Solved – Bayesian posterior: is multiplying likelihood by prior (rather than simulation) an acceptable approach

bayesian

Ken Rice has a helpful introductory set of slides available online called 'Bayesian Statistics (a very brief introduction)'.

http://faculty.washington.edu/kenrice/BayesIntroClassEpi515kmr2016.pdf

On slide 23 he gives this formulation, which comes directly from Bayes theorem:

Posterior ∝ Likelihood × Prior

However, within a section on 'when priors don't matter (much)', on slide 33 he describes a method whereby you multiply the likelihood function by the prior to get the posterior. But he describes this as "semi-Bayesian". (On slide 35, I think he's referring to the same thing when he mentions an "approximate Bayes" approach, and describing "full Bayes" as better.)

My question is: in what sense is taking a prior expressed as a functional form and multiplying it by a likelihood function only semi-Bayesian?

Is it just that the (normal) likelihood he presents is only an approximation to the real likelihood function? Or is it because the multiplication he presents is only approximate? Or is there something more fundamentally 'semi' about this type of Bayesianism?

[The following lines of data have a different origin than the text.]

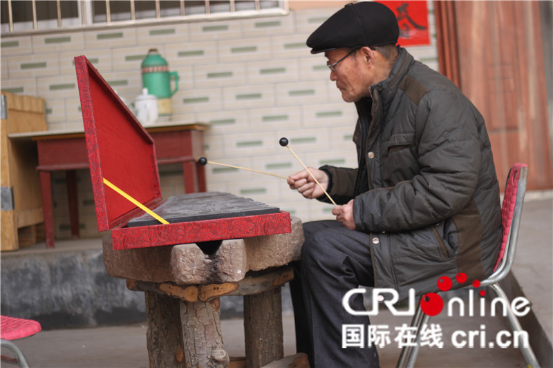 國際在線陜西頻道:打開“石琴”,68歲的農村退休教師丁均地,用顫巍巍的雙手開始敲擊琴鍵,儘管個別地方有音準的瑕疵,但清脆的音樂聲中,這首《東方紅》卻被演繹得別有一番味道。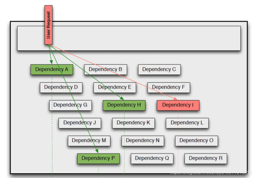 住压力导致内部错误或资源耗尽,一直不响应,此时更糟糕的是其他服务对 I 有依赖,那么这些依赖 I 的服务一直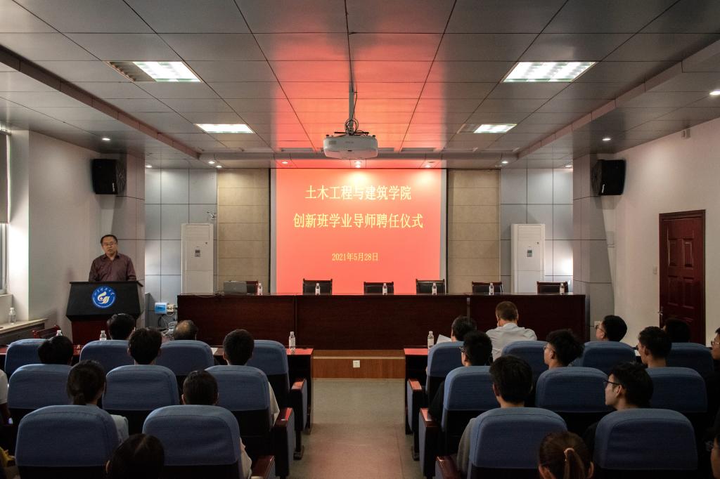仪式开始,院长王崇革向全体参会导师和学生介绍了实验创新班的基本情况。他指出,实验创新班是为培养厚基础、宽口径、强能力、重创新的高水平拔尖人才而建设的实验创新试点项目,是学院全面贯彻党的教育方针,坚持立德树人根本任务的一项重要举措。同时,王院长向全体学生提出四点要求:一要志存高远,胸怀大志;二要勤奋学习,热爱专业;三要德智体美劳全面发展;四要时刻准备好迎接挑战。

More generally, the focus of texts on Bayesian inference seems to be on simulation (especially MCMC) approaches. Is this because it is 'wrong' to get your posterior distribution from multiplying a prior distribution by the likelihood function generated by some new data? Or is it because the analytical route is not often available to you?

Best Answer

Bayes theorem is

$$ \mathrm{posterior} \propto \mathrm{likelihood} \times \mathrm{prior} $$

so posterior is proportional to likelihood times prior. For it to be equal we need to multiply the right-hand side of the equation by a normalizing constant, so that it integrates to unity, what makes posterior a proper probability distribution.

Constant does not change anything about finding maximum of the function, since each possible output of the function is multiplied by the same constant, so if you are only interested in point estimate (maximum a posteriori estimate), then you can ignore the normalizing constant. However if you want to obtain proper posterior distribution, then it is needed and we often use MCMC to find it and solve the equation.

See also the Why Normalizing Factor is Required in Bayes Theorem? thread.

Edit

But, as noticed by Xi'an, what the slides that you refer to actually say is that the author by "semi-Bayesian" approach means using normal distribution as likelihood function and normal priors:

Slides

This makes computation very easy since using conjugate priors, but it may not be the best approximation for all cases (recall that normal distribution is continuous, symmetric, and reaches from $-\infty$ to $\infty$ -- this is not true for many different kinds of data!).